The problem is that for people in the tech space, crazy hours feel normal. They may have never worked for a company that valued the reasoned decision-making of people who have a good night’s sleep, or the creativity that comes from doing something outside of work that sparks new ideas and solutions.

After Amazon came under fire for the stressful conditions employees work under, a number of articles were published quoting people throughout the tech space who basically advised people to suck it up, or find work elsewhere. An article from ComputerWorld quoting Bill Reynolds, research director of an IT workforce research firm, was typical of that sentiment:

Like stock traders working under extreme pressure on Wall Street or medical interns working 36-hour shifts, the tech industry is a high-stress environment — one that’s not suited to every worker.
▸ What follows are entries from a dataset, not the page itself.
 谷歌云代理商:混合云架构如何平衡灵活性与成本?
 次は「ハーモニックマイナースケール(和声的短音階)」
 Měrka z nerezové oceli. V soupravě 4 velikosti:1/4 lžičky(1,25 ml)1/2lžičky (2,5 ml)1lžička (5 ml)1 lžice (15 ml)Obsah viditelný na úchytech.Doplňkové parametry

“If you can’t live with that pressure, you should go somewhere else,” said Reynolds. “For people in Silicon Valley, it’s who they are. It’s the kind of person they are.”

If we’re not careful, it could become the kind of person mortgage companies want to hire. One of my coworkers had a friend who recently applied for a job at a mortgage startup aiming to make the mortgage process much easier for borrowers.
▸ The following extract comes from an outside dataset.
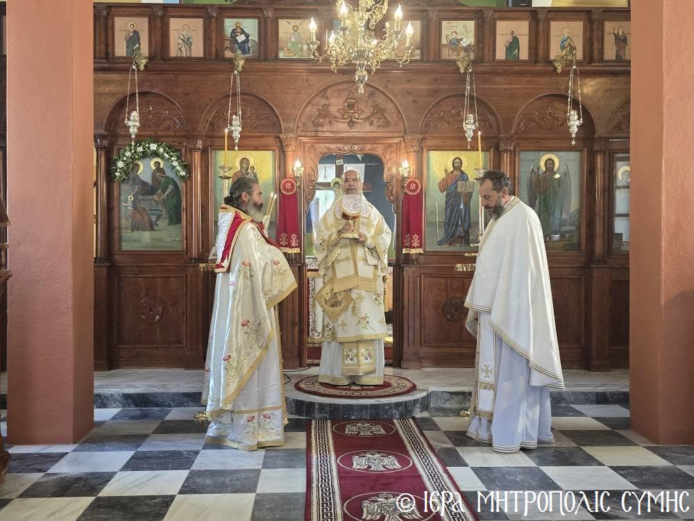 Μέ ἱεροπρέπεια καί εὐλάβεια ἑορτάσθη καί ἐφέτος στήν Σύμη ἡ ἑορτή τοῦ Γενεθλίου τῆς Ὑπεραγίας Θεοτόκου, μέ ἐπίκεντρο τόν Προσκυνηματικό Ἱ. Ναό Γενεθλίου Θεοτόκου τῆς «Πειραιώτισσας», ὅπου ὁ Σεβ. Μητροπολίτης μας κ. Χρυσόστομος χοροστάτησε στόν Ὄρθρο καί τέλεσε τήν Θεία Λειτουργία, μέ συλλειτουργούς του, τόν Ἐφημέριο τῆς Ἐνορίας Εὐαγγελισμοῦ τῆς Θεοτόκου Σύμης καί τόν Ἐφημέριο τῆς Ἐνορίας Ἁγίου Δημητρίου Σύμης π. Γεώργιο Κακακιό, ἀπόγονο τῆς οἰκογενείας τῆς Κτιτορίσσης τοῦ Ἱ. Ναοῦ. Τό δέ ἀναλόγιο διηκόνησαν οἱ Ἱεροψάλτες, κ. Πανορμίτης Κακακιός, υἱός τοῦ προαναφερθέντος Ἱερέως καί ὁ φιλοξενούμενος κ. Θεόδωρος Κορδοκούζης.

Ads for the company, which just started serving our area, emphasize the calm, easy nature of the transaction. But what was the result for employees? This man was told to expect to work 80 hours a week, including weekends and holidays.

Is that really where we want the mortgage industry to go?

The tech pressure-cooker culture has another result — it discourages employment of  anyone who wants to be a parent, especially women.

“Working marathon hours is part of Silicon Valley’s DNA. The drive, excitement, and intensity of startup culture, and indeed much of tech in general, draw me, and many others, to this industry. The problem, however, is that this narrow focus of work-as-life unto itself favors the young, especially young men—and disadvantages ambitious women who want to have children,” wrote Joscelin Cooper on Forbes.com.

Lack of diversity has been a challenge for our industry for decades. In the past it contributed to overt discrimination based on race and gender (see our feature story on page 38 for an update on gender equality in our industry). This kind of discrimination was corrected by changing the law, but subtler biases remain, and the best way to address those biases is to infuse the workplace with exactly the type of people who might be discriminated against.

Our industry understands this, with some companies now going to great lengths to hire people who mirror the borrower population. We cannot afford to go backward in any way in this area. A culture that attracts only a select demographic — of any type — is exactly the opposite of what the mortgage industry needs.

Contrast this with some of the examples of work-life balance cropping up more and more in our space. United Shore Financial Services instituted a “Firm 40” policy last year that requires employees to shut it off after 40 hours a week — no nights, no weekends.

The company, which is the No. 1 wholesale lender in the country, has seen productivity increase since the change, and is slated to fund $13 billion in loans this year, according to CNBC.

United Shore even hosted a “Moms back in business” career fair in May to recruit mothers who wanted to re-enter the workforce after time off with kids, or moms already working who want to join a company that has parent-friendly hours. This kind of action demonstrates the true value United Shore places on its employees, a point that is surely not lost on them.

Innovation is critical to the survival of our industry. As borrower expectations change, so should our delivery. But mortgage companies who can integrate Silicon Valley-inspired tech into their processes while still valuing employees will win over the long haul. We all will.